God, Man, and Time

Language doesn’t allow for the explanation of some ideas.  A good example is trying to explain time and what came beforeBefore is a temporal word.  It requires time to exist to make sense, so you’ll forgive me when I say things here like “before time.”  It doesn’t make sense, but you know what it means.

There was a time when only God existed in eternity (Gen. 1:1; John 1:1), but our time, created time, cannot exist in a past eternity. It is impossible to cross an infinite number of events.  Time is observed by recognizing sequences of events. If our past were infinitely long, we would have to cross an infinite number of events and never reach today.  So, time had a beginning at creation.

Since there are only two categories, time and God, only God existed prior to creation.  So, everything that isn’t God is creation including heaven.  We know time passes in heaven since we see events taking place in sequence.

I’d like to propose that God existed in a sort of eternal time, time with different rules than the time we live in.  God existed alone before creation but was still active.  It seems to make sense that He had thoughts in sequence, the trinity shared love for one another, etc., and God is eternally existent in the past.  So, maybe, if this is true, the time God lived in before creation has different properties than ours.

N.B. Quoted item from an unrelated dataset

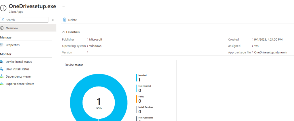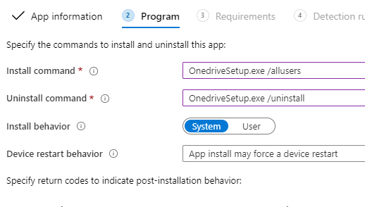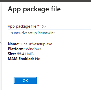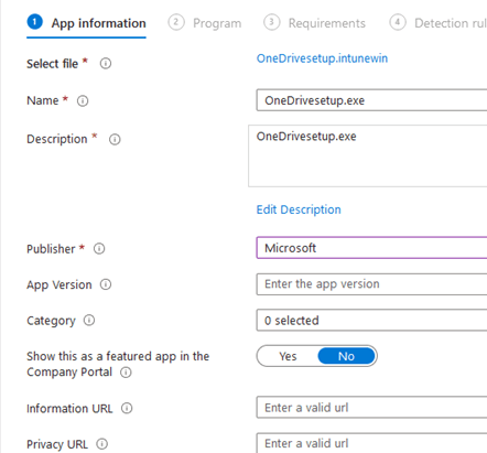 From Intune navigate to Apps > Add App > Windows App (Win32) and select the OnedriveSetup.intunewin file from your c:\temp in step 1. Fill in the required details as you see fit.

There are two categories of time: actual infinite is an eternity in which there is no beginning and no ending.  This is the timeline (for lack of a better term) in which God has always existed.  He has no beginning and has no end.

Then there is what is called potentially infinite time.  This is a time that begins but has no end.  Though there will always be an actual number of days in this potential eternity, it won’t end.  This is our time.  God can exist within it, too, of course, since He created it.

You might ask, “So, if God exists outside of time, why can’t we pray for something in the past to change?”  Many of us have loved ones who died without Christ.  If God exists outside of time, why can’t we ask him to save those people so we can see them in heaven?  There are actually several reasons:

  1.  God cannot do things which are logically impossible: make a married bachelor or a square circle, so He can’t make something happen and not happen at the same time.
  2. God is the Author of a real, ordered timeline.  Events occur in a definite order, cause and effect.  To change the destiny of one person doesn’t just change their destiny.  If Pontius Pilate had listened to his wife and pardoned Jesus, then God would have changed the time, place, and event of Jesus’ crucifixion.  Some who were saved may not have been.  You might think “God would have found a way,” to which I would say “God did.”  Jesus died for us on just the day God’s perfect plan required. 
  3. Though prayer cannot change the past, our prayers can certainly be the vehicle God uses to change the present.  Perhaps someone is suffering, and our prayers are what God wants to use to heal them.  So, don’t think prayer is not effective.  They are often used to accomplish God’s plan in the present.
  4. Rom. 8:28 (ESV) And we know that for those who love God all things work together for good, for those who are called according to his purpose.  If all thing, good and bad, are a part of God’s plan, it would be wrong to pray for the past to change.

Why is this important?

Understanding God is a task you and I will spend our potential eternity working on.  Jesus has given us the command to think about God as we love Him:

Mark 12:30 (ESV)  And you shall love the Lord your God with all your heart and with all your soul and with all your mind and with all your strength.

Our job is to know Him better and to know as much about Him as we can.  Just as we want to learn as much as possible about those we love, we must do the same in our endeavor to draw closer to God through devotion but also through learning about Him.